Taken is about an ex-CIA agent who comes out of retirement to save his kidnapped daughter. I know, I know, it’s been done before. But so has “spy who loses his memory and goes head-to-head with bad guys in order to reveal his identity” – and I for one still love the Jason Bourne series. You don’t see these kinds of films for sweeping landscapes or heart-melting romance; you know the good guy’s going to come out on top; and you’re pretty sure at least one “good guy” is gonna be a double crosser. So why watch a film that’s so predictable and formulaic?
Because it’s fun.
Taken is an action film, and boy does it deliver on the action. Fancy cut-aways make the fight scenes seem a little choppy in that holy-mother-I-think-I-felt-that kind of way. Car chases and on-foot pursuits are a-plenty. And the spy tricks employed by Liam Neeson’s character, Bryan, aren’t overused movie cliches. In its sheer adrenaline-rush inducing fun, Taken is worth the $10 for a bootleg DVD Sunday matinee in Canarsie. (I’d pay the usual $17.50 for a seat in the city, but who has that kind of cash to blow on an hour and a half of amusement?)
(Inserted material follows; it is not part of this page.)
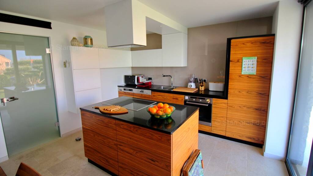Die Wohnung befindet sich im Erdgeschoss und im ersten Obergeschoss eines sehr hochwertigen und gepflegten Gebäudes und verfügt über eine Gesamtfläche von ca. 136 m². Das Erdgeschoss ist direkt von der Garage aus zugänglich und umfasst einen offenen Wohnbereich mit Küche und Esszimmer, ein Gäste-WC sowie den Ausgang in einen wunderschönen Garten mit Sommerküche und Grillplatz. Über eine Innentreppe gelangt man in das Obergeschoss, das drei Schlafzimmer, ein Badezimmer und ein Wohnzimmer mit Meerblick bietet. Der Innenraum der Wohnung ist vollständig mit modernen Designermöbeln und Geräten sowie hochwertiger technischer Ausstattung der neuesten Generation eingerichtet.

My one little problem with the movie – and it isn’t really a problem per se, but an observation that slightly intrigues me – is that by the end of the movie, there is no evidence that Bryan’s daughter, Kim, has been sexually assaulted. Not that that’s usually a problem; I don’t go to movies waiting for someone to get raped. But she was kidnapped by a gang that specializes in trafficking women, and in the hour and twenty minutes preceding Kim’s rescue, Bryan sees dozens of girls who’ve been drugged and sold into prostitution (including Kim’s friend, Amanda, who is more sexually experienced than Kim). Kim’s only saving grace? She’s a virgin, so her kidnappers kept her alive/untouched for the highest bidder.
Bottom line: Taken is a great action film, but also mild abstinence propaganda.
Or maybe I’m just looking a little too deeply into the substance of the film? After all, it’s only an action movie.